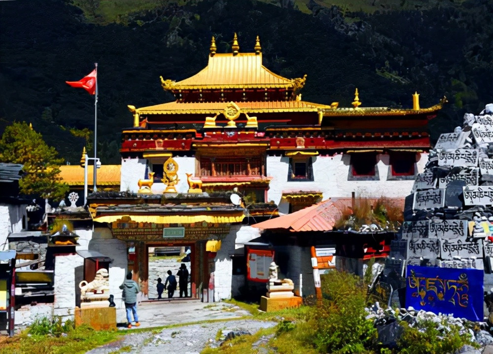位于仙乃日雪峰脚下的贡嘎冲古寺,意为填湖造寺,海拔3880米,始建于元朝,是通往“三怙主神山”的必经之处,也是当地藏族人民转山仪式的出发点。传说高僧却杰贡觉加错为供奉神山在此修建寺庙,谁知却触怒了神灵导致灾难降临,于是他日夜乞求神灵免除百姓之苦,降罪自身,终于感动神灵换得百姓平安,他却身患麻疯病就此圆寂。寺院僧人每日薰香念经,希望向后世之人传扬和纪念却杰贡觉加错的功德善举。
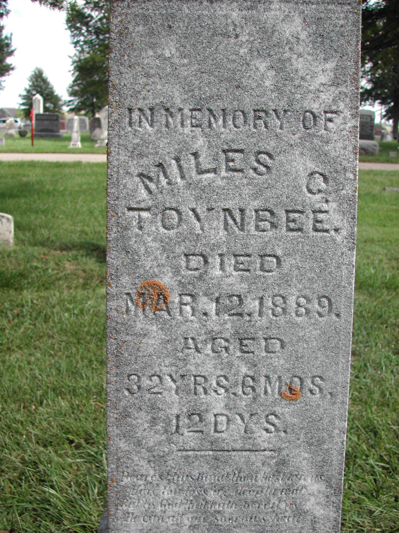 Toynbee, Miles C; d. 12 Mar 1889; a. 32 Yrs, 6 Mos, 12 Dys; - Veteran status N/A; Section 1; Row 05; Photo
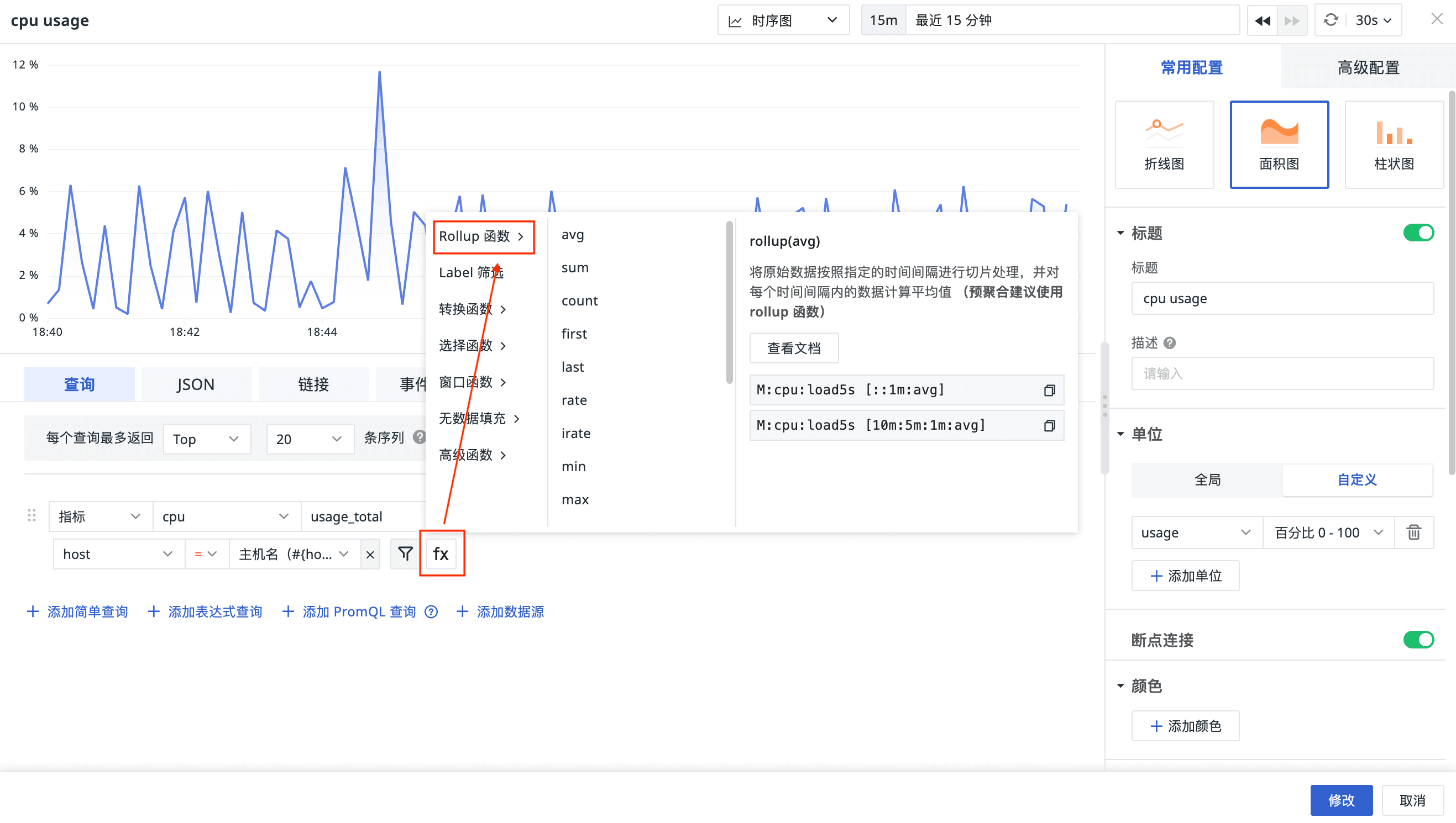 3、图表优化:调整了 DQL 查询组件的函数顺序,同时特别强调了 Rollup 函数的使用场景,帮助用户更好地利用 Rollup 函数进行数据聚合和分析。

*EXERCISE BRIEF:* Only the text of the listing above is wanted, transcribed exactly, without its images.

*RESULT OF THE EXERCISE:*
位于仙乃日雪峰脚下的贡嘎冲古寺,意为填湖造寺,海拔3880米,始建于元朝,是通往“三怙主神山”的必经之处,也是当地藏族人民转山仪式的出发点。传说高僧却杰贡觉加错为供奉神山在此修建寺庙,谁知却触怒了神灵导致灾难降临,于是他日夜乞求神灵免除百姓之苦,降罪自身,终于感动神灵换得百姓平安,他却身患麻疯病就此圆寂。寺院僧人每日薰香念经,希望向后世之人传扬和纪念却杰贡觉加错的功德善举。
 Toynbee, Miles C; d. 12 Mar 1889; a. 32 Yrs, 6 Mos, 12 Dys; - Veteran status N/A; Section 1; Row 05; Photo
 3、图表优化:调整了 DQL 查询组件的函数顺序,同时特别强调了 Rollup 函数的使用场景,帮助用户更好地利用 Rollup 函数进行数据聚合和分析。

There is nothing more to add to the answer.